Stored items from a collection
# # # #

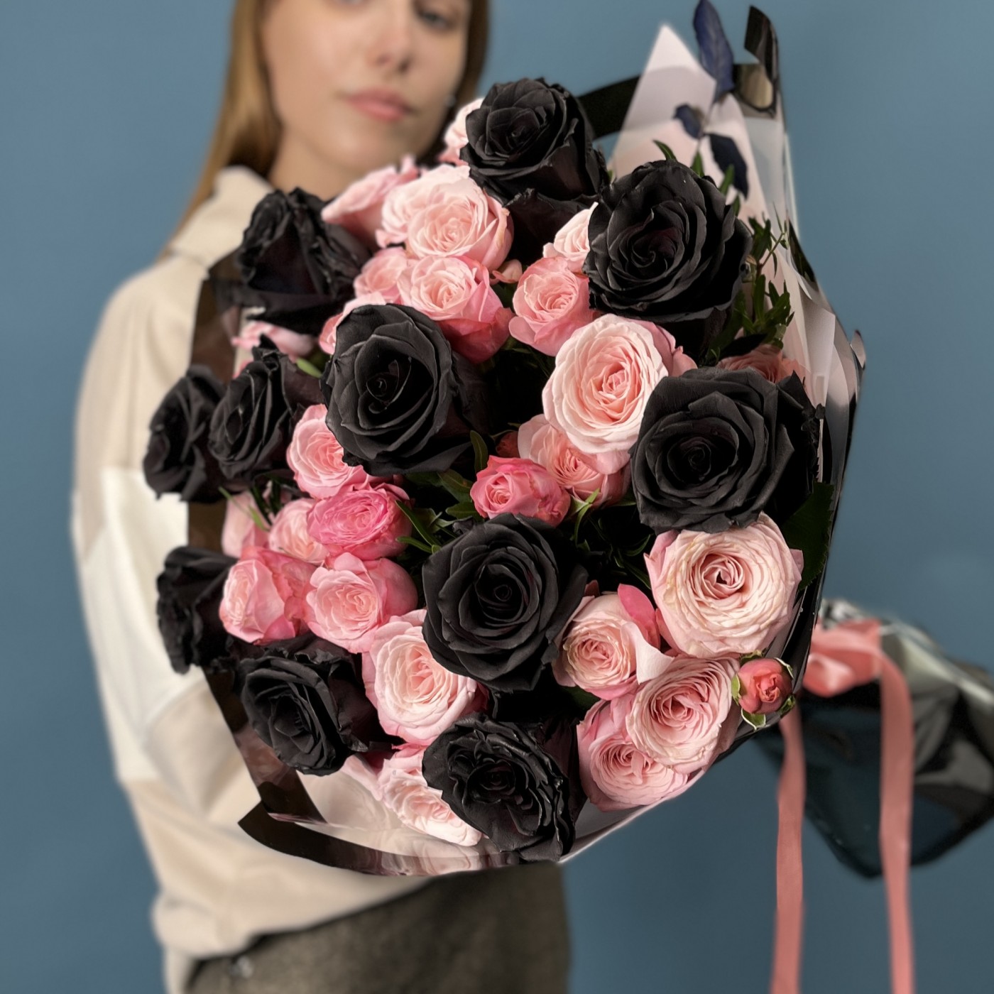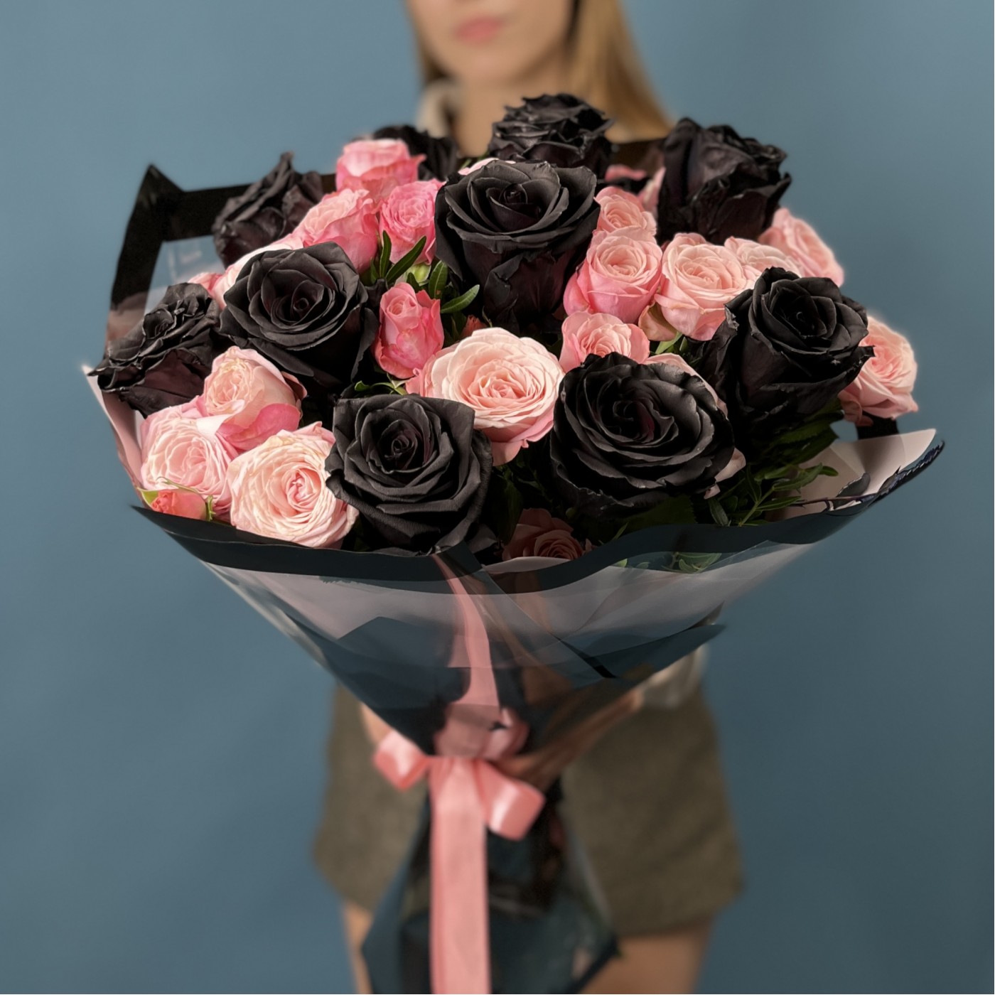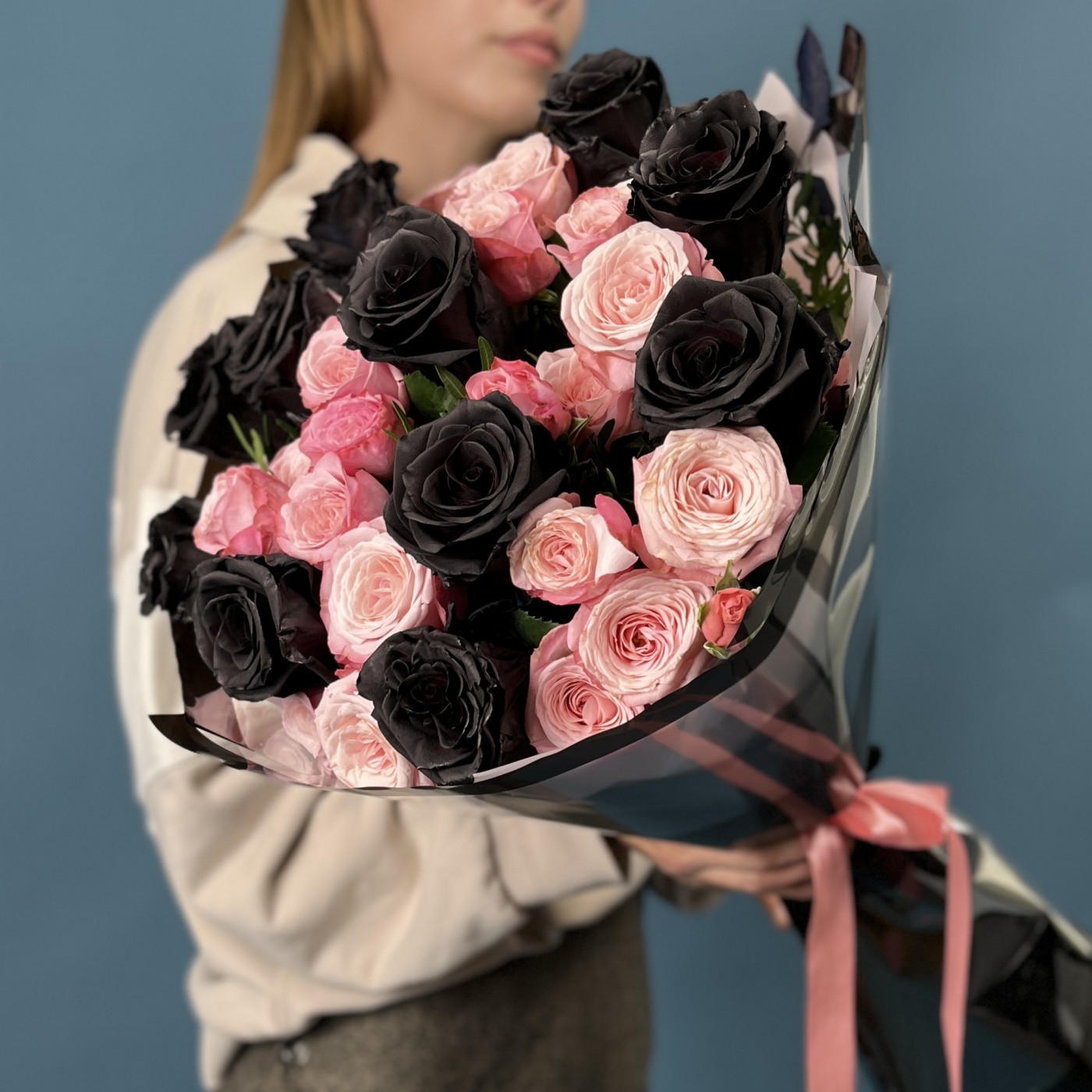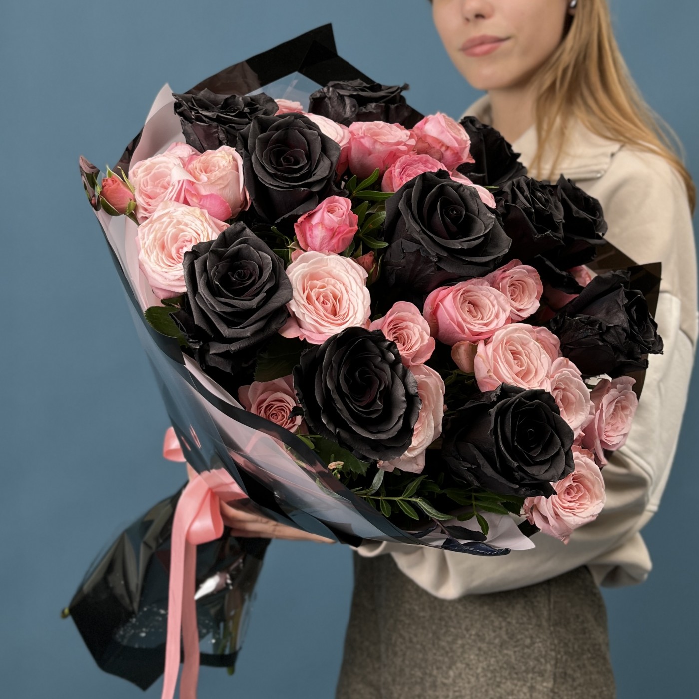 Роза черная 11 шт., Роза кустовая 8 шт. |
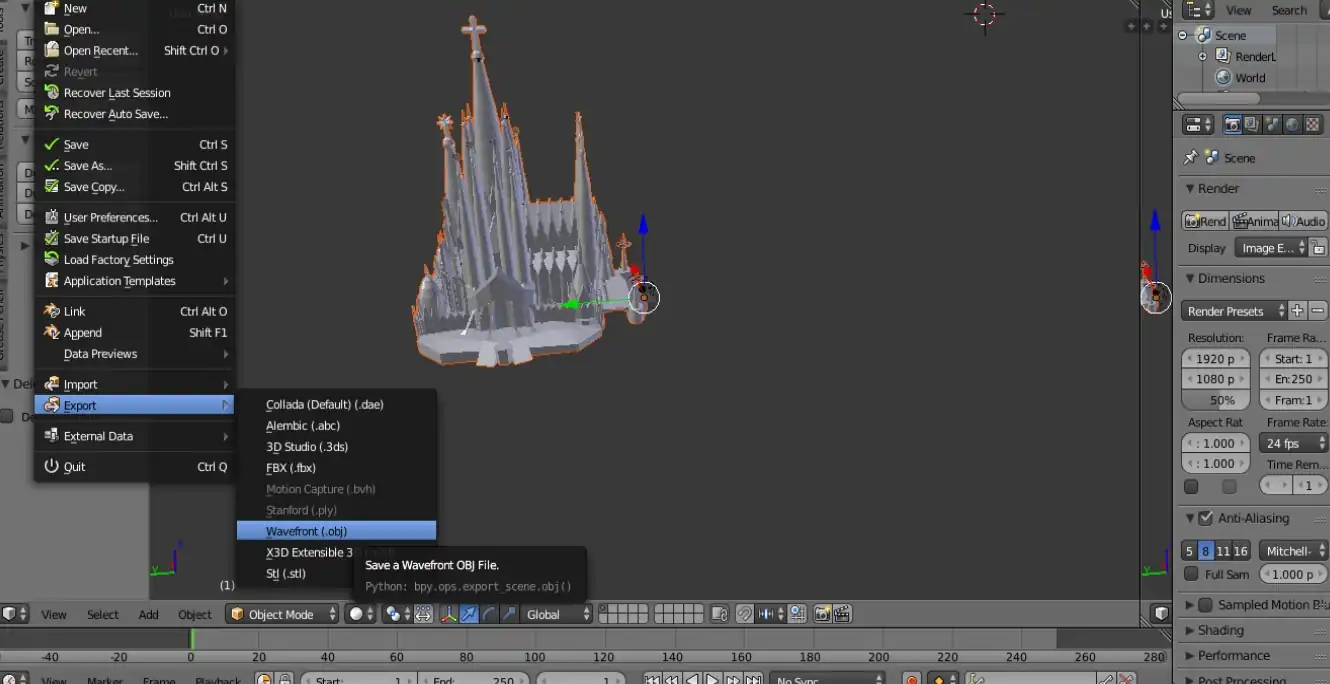 2-Once the node is inside the area, we open the model by importing it -with Blender or similar (I use Bforartists) - and export it again in obj format.
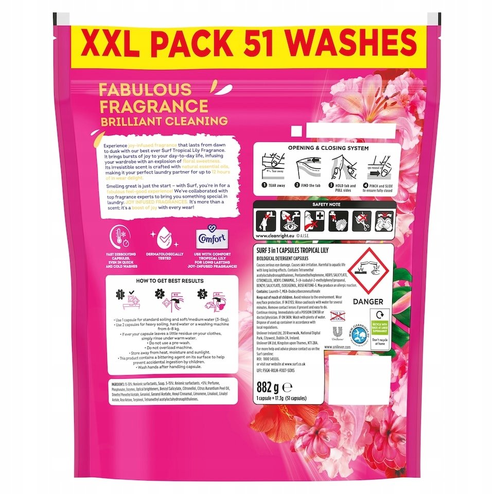 Kapsułki Surf Tropical Lily są idealne dla każdego, kto szuka skutecznego detergentu, który nie tylko doskonale czyści, ale także pozostawia ubrania intensywnie świeże i pięknie pachnące przez wiele godzin. Są proste i wygodne w użyciu, doskonale sprawdzają się w codziennym zabieganym życiu.
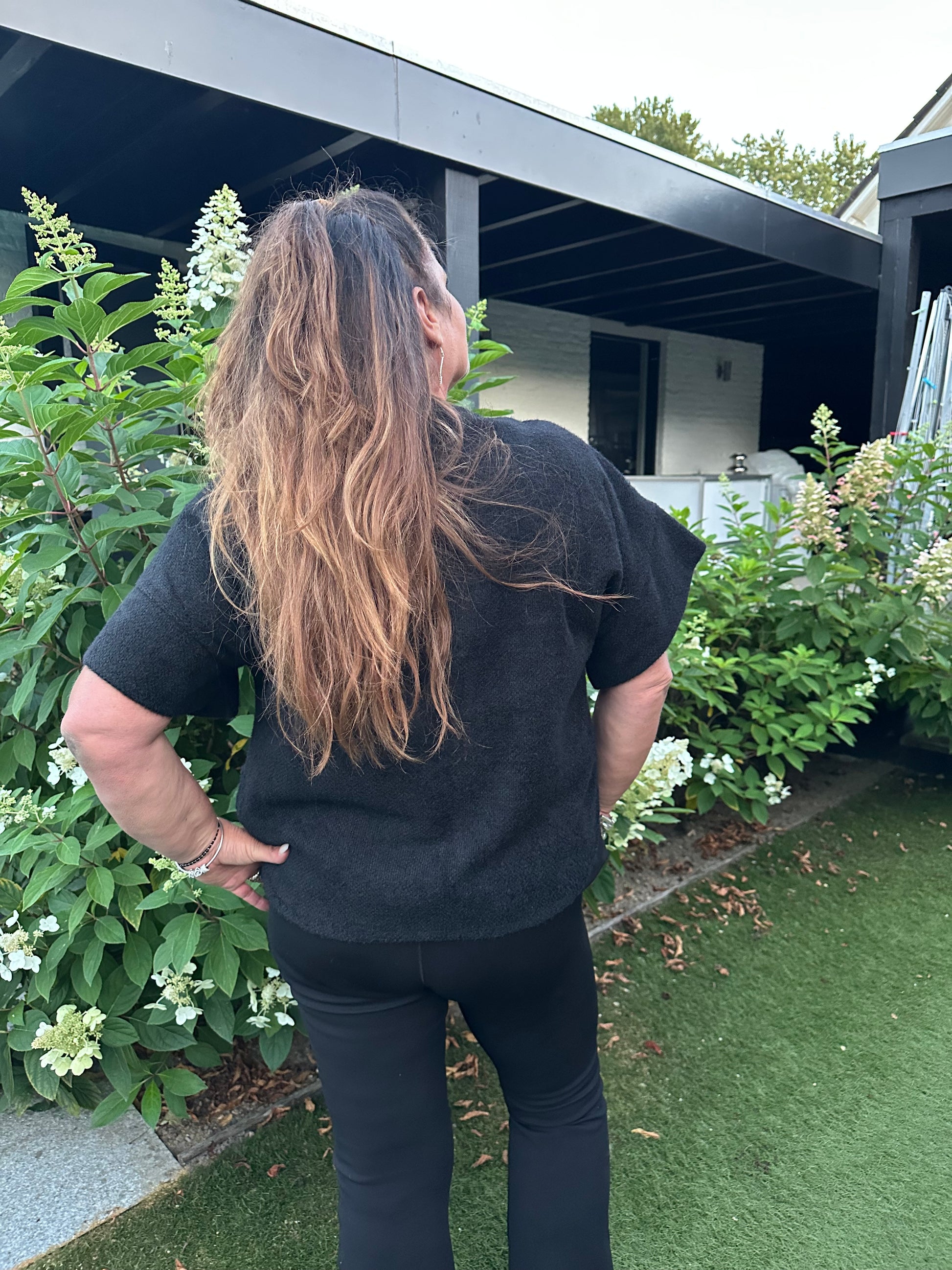 Ook leuk te dragen met een shirt met lange mouw eronder, zodat deze onder het mouwtje van het vestje uitkomt.
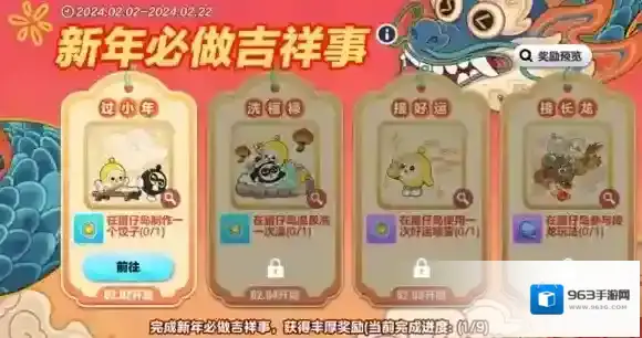 一声爆竹散千灾,福字盈门好运来。2月2日至22日,新年必做吉祥事活动开启,蛋仔每日完成吉祥事,不仅能为蛋仔岛的新春增添浓浓年味,更可免费解锁6大新春动作和丰厚彩虹币!
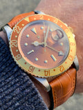 A gorgeous vintage 1972 Rolex Oyster Perpetual GMT-Master model 1675 in solid 18k gold and steel in superb, Rolex factory refurbished condition, ready to wear! This classic "Root Beer" model has that famous nipple dial look with a factory Rolex service dial, hands and bezel insert installed, with perfectly brushed lug-tops and flat polished sides with a brand new plastic crystal installed, looking near as sharp as the day it was sold over 50 years ago. This watch comes with its original box, GMT-Master booklet, hang tag and extra leather strap. A stunning vintage Rolex sport model with bold and clean vintage look on the wrist.
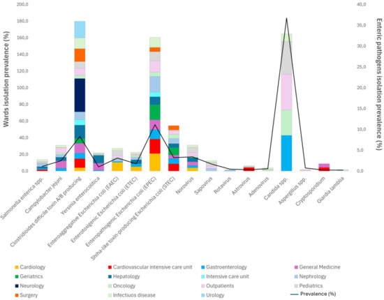 The prevalence rate was obtained by calculating the ratio between the number of positive isolates and the total number of requests for each enteric pathogen, according to the different wards. The most prevalent bacteria was EPEC (121/1086, 11.1%), mostly found in the Cardiology (4/19, 21%), Nephrology (6/32, 18.8%), and Cardiovascular Intensive Care (4/23, 17.4%) Units, followed by C. difficile toxin A/B-producing strains (158/1896, 8.3%), STEC (35/1086, 3.2%), EAEC (34/1086, 3.13%), C. jejuni (27/1091, 2.5%), S. enterica, Y. enterocolitica, and ETEC with about 1% of prevalence (Figure 1). The circulation of C. difficile toxin A/B-producing strains was most prevalent in the Neurology (2/5, 40%), Hepatology (5/31, 16.1%), Surgery (9/58, 16.5%), Infectious Disease (29/225, 12.9%), and Cardiovascular Intensive Care (5/46, 11%) wards (Figure 1). However, Norovirus was the most prevalent (30/875, 3.4%) and was mostly found in Pediatrics (11/170, 6.5%), followed by Sapovirus (15/875, 1.7%), while Astrovirus, Rotavirus, and Adenovirus had a prevalence of about 0.6% (Figure 2). With regard to opportunistic infections, Candida spp. was the most prevalent (197/536, 36.7%) and was most commonly found in pediatric patients, patients from the Gastroenterology Unit, and outpatients (Figure 1). Aspergillus spp. infection had a prevalence of 0.8%, mainly in pediatric patients and outpatients (0.9%). Only 0.2% of AID cases was observed to be caused by parasitic infection in the Oncology and Cardiovascular Intensive Care Units.
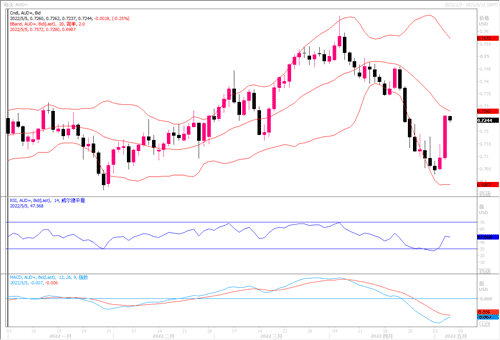 周三(5月4日)美元指数跌0.95%至102.50,创3月9日以来最大盘中跌幅;美国10年期国债收益率下跌5个基点,收益率曲线变陡,之前美联储以二十年来最大幅度加息之后,鲍威尔缓解了市场对美联储将采取更激进紧缩步伐的担忧。澳元兑美元涨逾2%;澳洲联储周二(5月3日)出人意料地将其指标隔夜拆款利率大幅提高25个基点至0.35%,这是十多年来的首次加息,该行并表明随着疫情刺激措施的落幕,将会有更多的加息。在美联储加息幅度不在激进,而澳联储也做出加息举动的情势下,澳元兑美元的反弹显得气势如虹。在日线图上,MACD开始呈形成底部金叉迹象,汇价目前逼近布林带中轨0.73,若进一步突破上方有望向 0.74-0.75进击。
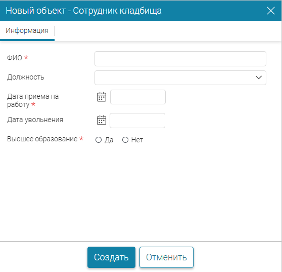 Для регистрации текущих захоронений указывается «ФИО землекопа». Чтобы добавить «ФИО землекопа», в выпадающем списке при регистрации захоронения добавьте нового сотрудника с должностью «Землекоп».
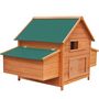 Fait en pinede de haute qualite, le poulailler est durable. Le tissu vert etanche sur les toits protege de la pluie, creant des endroits chauds et confortables pour se reposer a l'interieur de la cabane.
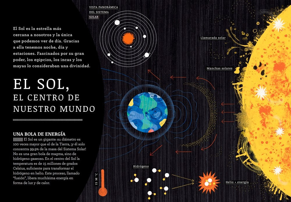 Si alguna vez te has preguntado cuál es el planeta más grande o cuál está más lejano del Sol o por qué Marte es rojo, éste es el libro que necesitas leer. Con ilustraciones del sistema solar, estas páginas revelarán todos los secretos que se esconden en el corazón de nuestra casa estelar. Descubre el origen de los anillos de Saturno, conoce cuál es la temperatura ardiente de Venus y lee la explicación del cinturón de asteroides. /
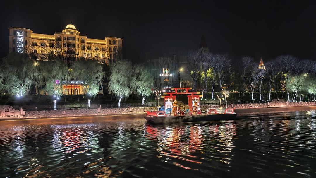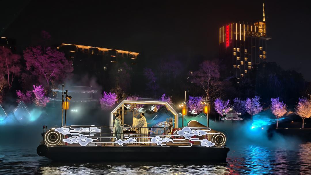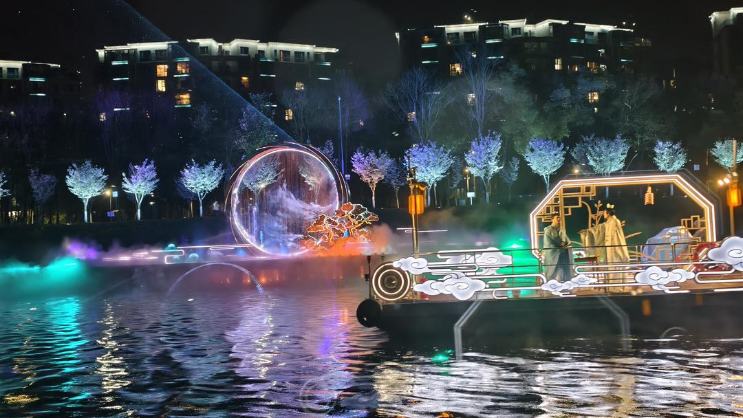 白云湖如一条碧绿绸带,穿城而过。依托得天独厚的滨水生态,沿岸绿廊蜿蜒,栈道临水,平台错落,白日清新雅致,入夜流光溢彩,已然成为集观光休闲、文化体验、夜游演艺、美食休闲于一体的夜间文旅胜地。原本的遗憾,化作夜游的惊喜,众人登船入画,在烟雨朦胧中,赴一场穿越千年的视听之约。
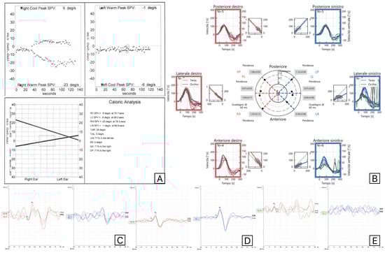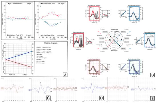 Results of vestibular tests (Caloric Tests (A), Video Head Impulse test (B), C-VEMPs (C), M-VEMPs (D), and O-VEMPs (E)) performed on a patient with a Herpes Zoster reactivation involving the right superior vestibular nerve and trigeminal nerves. Red is used for right-side evaluations and blue for left-side evaluations.
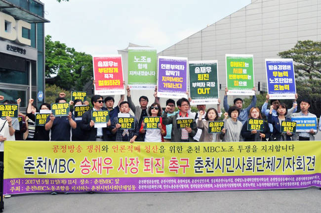 이날 춘천지역 13개 시민단체 역시 춘천MBC 앞에서 기자회견을 열고 송 사장 퇴진과 함께 춘천MBC 노조 파업 지지의사를 천명했다.

# # # #

PROBLEM TO SOLVE: With the pictures left out, transcribe exactly the lines from the line holding "Results of vestibular" through the closing line of the entries.

ANSWER TO THIS PROBLEM:
 Results of vestibular tests (Caloric Tests (A), Video Head Impulse test (B), C-VEMPs (C), M-VEMPs (D), and O-VEMPs (E)) performed on a patient with a Herpes Zoster reactivation involving the right superior vestibular nerve and trigeminal nerves. Red is used for right-side evaluations and blue for left-side evaluations.
 이날 춘천지역 13개 시민단체 역시 춘천MBC 앞에서 기자회견을 열고 송 사장 퇴진과 함께 춘천MBC 노조 파업 지지의사를 천명했다.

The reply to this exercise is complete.